The task of creating a specification is to distill all the existing sources of truth down into a single authoritative specification that is higher quality than any other source of truth.

There are two ways to take advantage of an existing source of truth.

  1. Every significant product (e.g., processors, simulators, etc.) will have a large, thorough testsuite and may have a formal verification story. This is incredibly valuable because a good testsuite lets you check your specification. The “easiest” way to use this is to write a tool to convert the specification into code that can be inserted into a simulator.

  2. In a few cases, we can semi-automatically translate existing simulators or specifications to our chosen specification language. The goal is probably not to get a fully working specification but just to reduce the manual effort of transcribing the specification into the specification language.

    If we can also generate a simulator from the result, then we can “round trip” the spec to check whether either conversion process broke anything.

It is inevitable that the initial specification and tools will not be very good. It will be a bit buggy, it will be incomplete and the tools will generate relatively slow buggy simulators. However, once it becomes good enough that it is useful to one (relatively forgiving) team, that team will start to find issues and will start to report and fix the bugs. As problems are fixed, the quality of the specification and tools will improve to the point where a second wave of users are able to use the specification. These teams are typically more sensitive to quality problems and they will find new bugs that were unlikely to affect the early adopters. Fixing this second wave of bugs will further improve the specification which will enable a third wave of users with even higher quality requirements.

Aim to create a “virtuous cycle” of users by looking for users with a broad variety of needs.

Initially, our goal is simply to catch up: just creating high quality specifications of what exists (or is due to appear in the next generation of products) and trying to automatically generate as much as possible of the existing tools and verification collateral. Once we have caught up though, it is important to sustain the effort. New architecture extensions should be developed using the specification as a design tool: taking advantage of the ability to easily add new extensions into simulator, to generate high quality documentation at an early stage, etc.

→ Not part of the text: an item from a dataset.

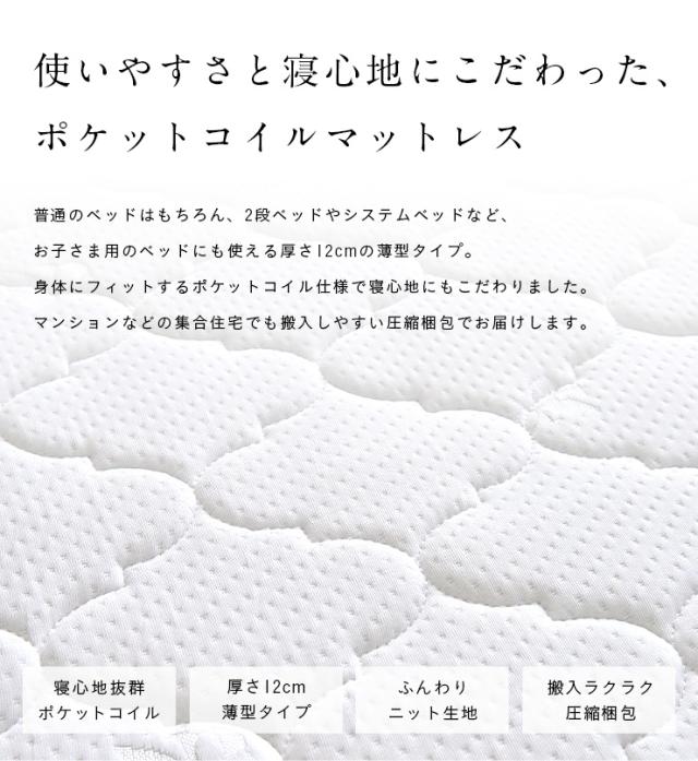 親子ベッドやロフトベッドに!【ポケットコイル/圧縮ロール梱包】薄型タイプ マットレス Pearl(パール) シングルサイズ 97x195cm シングル ポケットコイルマットレス マット mattress 二段ベッド シングルベッド
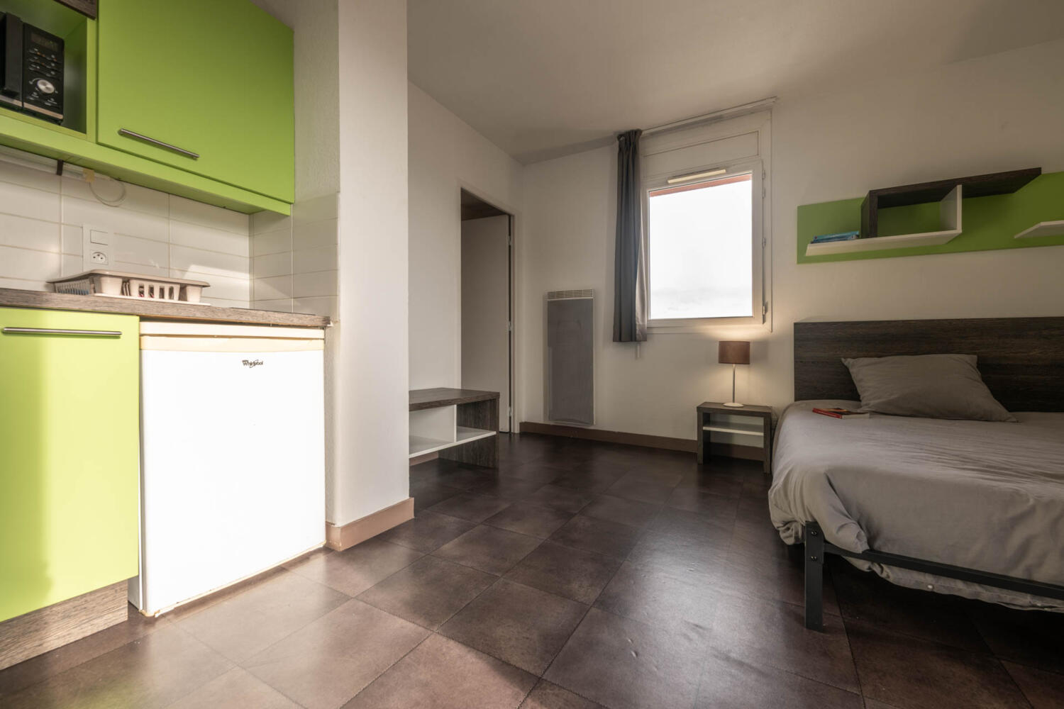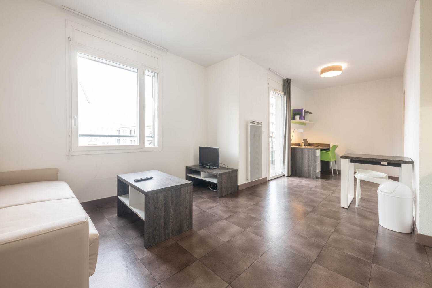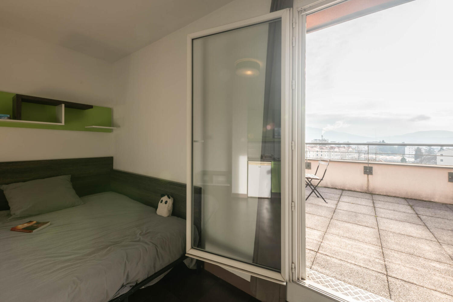 studio de 19m² pendant une durée de 10 mois pour études. Ce qui m'a fait craquer est la vue (les montagnes), un très grand et beau bureau, un aménagement très bien et moderne (table coulissante qui sort du bureau, lit simple qui peut se transformer en lit double, douche à l'italienne). Le fait de disposer d'une salle de sport spécifique à la résidence a aussi été très plaisant. De plus on a récemment eu l'installation de la fibre pour internet. Un peu sombre le soir et loin du tram .

The downside of machine readable specifications

In many ways, having a high quality, authoritative, human readable, machine readable specification that is used by all major users of existing documentation is a no-brainer. It takes work to set it up and to meet everybody’s requirements and it takes some coordination effort to maintain it in a usable state for all users but, if you can do that, it saves a lot of effort, improves coordination and communication both within the company and outside and it leads to higher quality products.

However, there is one important disadvantage of removing all the redundant work that goes on at the moment: that redundancy sometimes catches mistakes in the specification. This is especially true because the engineers currently transcribing the documentation into Verilog, C++, test vectors, compilers, OSes, etc. are experts with many years of experience. As we automate the more repetitive parts of the task, we reduce the number of expert eyeballs looking at the specification and the number of different perspectives from which it is being viewed.

The cost of success is that you end up with “all your eggs in one basket.”

To overcome this, we need to re-introduce some redundancy (i.e., add another “basket”) but we want to do this in a way that is most likely to find problems. So, as the number of automated uses of the specification increases, it becomes important to start formally validating the specification itself: writing down properties that the current design and any extensions are expected to satisfy and creating tools to verify that they do, indeed, hold.

Written on January 25, 2022.
The opinions expressed are my own views and not my employer's.